Stereotactic Neurosurgical Robotics With Real-Time Patient Tracking: A Cadaveric Study.

BACKGROUND: Robotic neurosurgery may improve the accuracy, speed, and availability of stereotactic procedures. We recently developed a computer vision and artificial intelligence-driven frameless stereotaxy for nonimmobilized patients, creating an opportunity to develop accurate and rapidly deployable robots for bedside cranial intervention. OBJECTIVE: To validate a portable stereotactic surgical robot capable of frameless registration, real-time tracking, and accurate bedside catheter placement. METHODS: Four human cadavers were used to evaluate the robot's ability to maintain low surface registration and targeting error for 72 intracranial targets during head motion, ie, without rigid cranial fixation. Twenty-four intracranial catheters were placed robotically at predetermined targets. Placement accuracy was verified by computed tomography imaging. RESULTS: Robotic tracking of the moving cadaver heads occurred with a program runtime of 0.111 ± 0.013 seconds, and the movement command latency was only 0.002 ± 0.003 seconds.
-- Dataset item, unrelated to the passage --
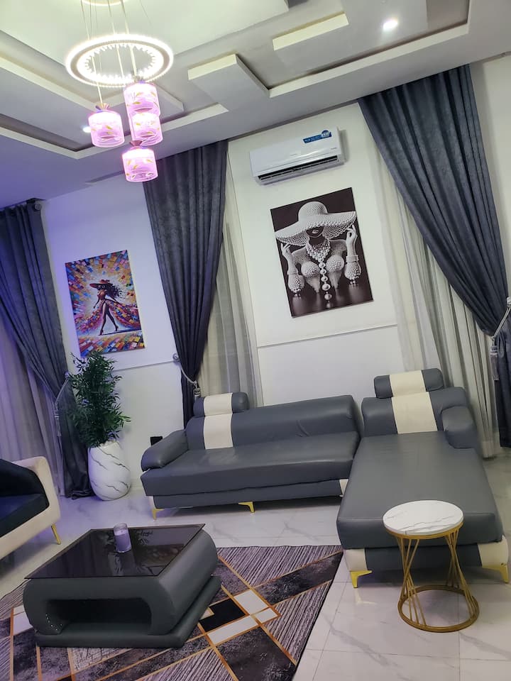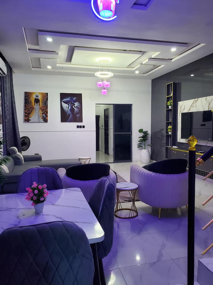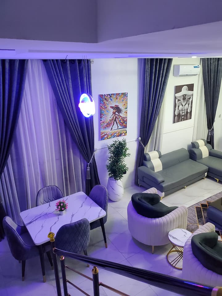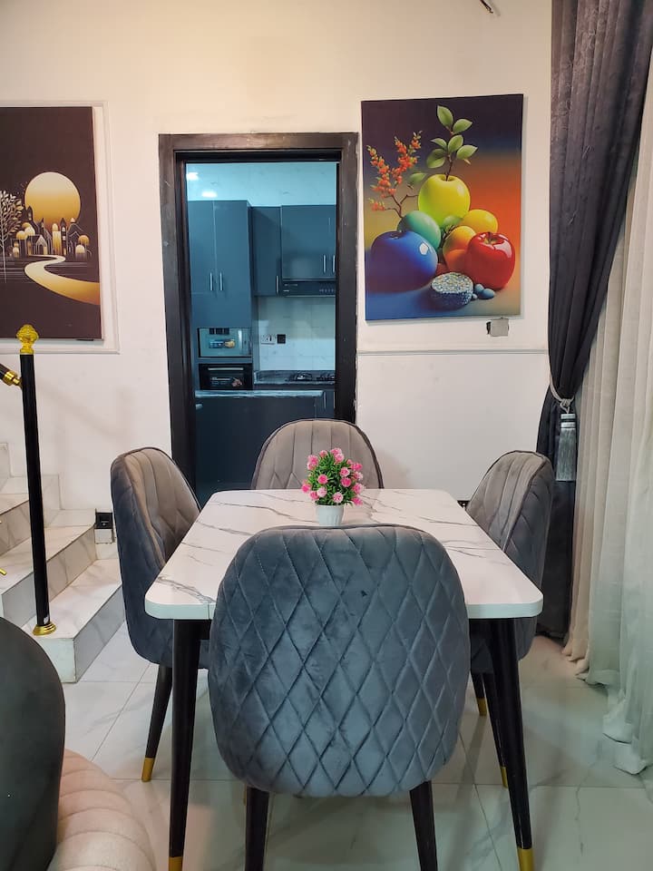 Искусете удобност и забава во овој стилски самостоен дуплекс со 4 спални соби, идеален за семејства, групи и деловни патници. Опуштете се во пространата дневна соба со брз wifi, паметен телевизор и звучен систем со живописен звук или опуштете се во пријатниот салон со балкон. Секоја соба има клима уред, телевизор и вентилатори, а главната соба има сопствен балкон. Уживајте во собата за игри со конзола, 4 бањи плус тоалет за гости, модерна кујна, трпезарија, простор за работа и бесплатен паркинг – совршено за одмор или за подолг престој.

For surface error tracking, the robot sustained a 0.588 ± 0.105 mm registration accuracy during dynamic head motions (velocity of 6.647 ± 2.360 cm/s). For the 24 robotic-assisted intracranial catheter placements, the target registration error was 0.848 ± 0.590 mm, providing a user error of 0.339 ± 0.179 mm. CONCLUSION: Robotic-assisted stereotactic procedures on mobile subjects were feasible with this robot and computer vision image guidance technology. Frameless robotic neurosurgery potentiates surgery on nonimmobilized and awake patients both in the operating room and at the bedside. It can affect the field through improving the safety and ability to perform procedures such as ventriculostomy, stereo electroencephalography, biopsy, and potentially other novel procedures. If we envision catheter misplacement as a "never event," robotics can facilitate that reality.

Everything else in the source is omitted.